I have sent e-mail to the hosting company of this site but have received
no reply. An e-mail to the FBI resulted in a response which basically told me how to clean a virus from my system. Another e-mail to SANS.org was answered, stating that they would investigate. That was two weeks ago and the site is STILL happily trying to infect anyone who goes there.

This is not a new virus and any up-to-date scanner should catch it.
It just irritates me that this site is allowed to be up and running, infecting the
machines of unwary people who may go there. I realize that this site is
probably just one of many, but surely, does this not signify a HUGE security problem? How many thousands of other sites are out there? And more malicious than this one? Is there no one with the authority to take them down or force them to correct the problems?

the site in question is www.worldnetsearch.ORG

As soon as you get there Norton Antivirus pops up an alert message. The log
shows 2 files in TIF that cannot be repaired:
\Temporary Internet Files\Content.IE5\OC6A9QNJ\exploit[1].htm
Click for more information about this threat : Trojan Horse

\Temporary Internet Files\Content.IE5\OC6A9QNJ\fuck[1].htm
Click for more information about this threat : Trojan Horse

...then 1 file which was deleted:
D:\Documents and Settings\jopa\ApplicationData\Sun\Java\Deployment\cache\javapi\v1.0\jar\classload.jar-614a47c6-7d3bb9af.zip
Click for more information about this threat : Trojan.ByteVerify

Symantec info here:
<http://securityrespo...yteverify.html>
--


I did a WHOIS search which returned the following information.

WHOIS information for worldnetsearch.org:
[whois.melbourneit.com]
Domain name you searched for is not registered through Melbourne IT.
Following is the information we gathered for worldnetsearch.org
------
NOTICE: Access to .ORG WHOIS information is provided to assist persons in
determining the contents of a domain name registration record in the PIR
registry database. The data in this record is provided by Public Interest Registry
for informational purposes only, and PIR does not guarantee its
accuracy. This service is intended only for query-based access.
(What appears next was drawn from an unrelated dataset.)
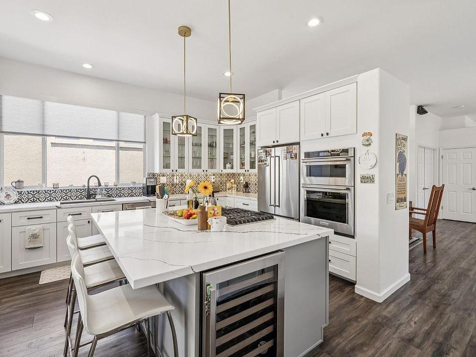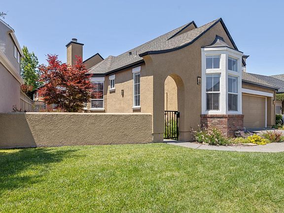 Discover modern elegance with this stylish single-level property located in the prestigious enclave of Adobe Creek. This lovely home boasts 3 bedrooms and 2 bathrooms within 1,930 sqft of airy living space. Built in 1998 and updated within the last two years, it features 12-foot ceilings, a bright kitchen with a center island, and luxury vinyl wide plank floors. Two fireplaces with updated mantles add warmth, while the comfortable backyard deck offers serenity and access to the residents-only greenbelt. Enjoy the convenience of an attached two-car garage, laundry, and modern amenities all within convenient distance to shopping, restaurants, gym, and commute routes.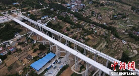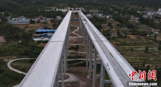 5月9日,四川荣县,成都宜宾高速公路五皇坝大桥即将进入路面施工阶段。(航拍图片)

You agree
that you will use this data only for lawful purposes and that, under no
circumstances will you use this data to: (a) allow, enable, or otherwise
support the transmission by e-mail, telephone, or facsimile of mass
unsolicited, commercial advertising or solicitations to entities other than
the data recipient's own existing customers; or (b) enable high volume,
automated, electronic processes that send queries or data to the systems of
Registry Operator or any ICANN-Accredited Registrar, except as reasonably
necessary to register domain names or modify existing registrations. All
rights reserved. PIR reserves the right to modify these terms at any
time. By submitting this query, you agree to abide by this policy.
Domain ID:D104274887-LROR
Domain Name:WORLDNETSEARCH.ORG
Created On:27-Apr-2004 11:02:12 UTC
Last Updated On:27-Jun-2004 03:47:38 UTC
Expiration Date:27-Apr-2005 11:02:12 UTC
Sponsoring Registrar:R27-LROR
Status:OK
Registrant ID:DI_381478
Registrant Name:George Washington
Registrant Organization:Search Media Int
Registrant Street1:45-89 Lenina str.
Registrant City:Minsk
Registrant Postal Code:789521
Registrant Country:BY
Registrant Phone:+998.214589
Registrant Email:support@ovishost.com
Admin ID:DI_381478
Admin Name:George Washington
Admin Organization:Search Media Int
Admin Street1:45-89 Lenina str.
Admin City:Minsk
Admin Postal Code:789521
Admin Country:BY
Admin Phone:+998.214589
Admin Email:support@ovishost.com
Tech ID:DI_381478
Tech Name:George Washington
Tech Organization:Search Media Int
Tech Street1:45-89 Lenina str.
Tech City:Minsk
Tech Postal Code:789521
Tech Country:BY
Tech Phone:+998.214589
Tech Email:support@ovishost.com
Name Server:NS5.ESTHOST.COM
Name Server:NS6.ESTHOST.COM

--
jopa66

#2 B@ckdoor

B@ckdoor

    Member

  • Full Member
  • Pip
  • 25 posts

Posted 23 September 2004 - 07:14 PM

Hehe, that was a funny site...

I was hit by more than you and your client.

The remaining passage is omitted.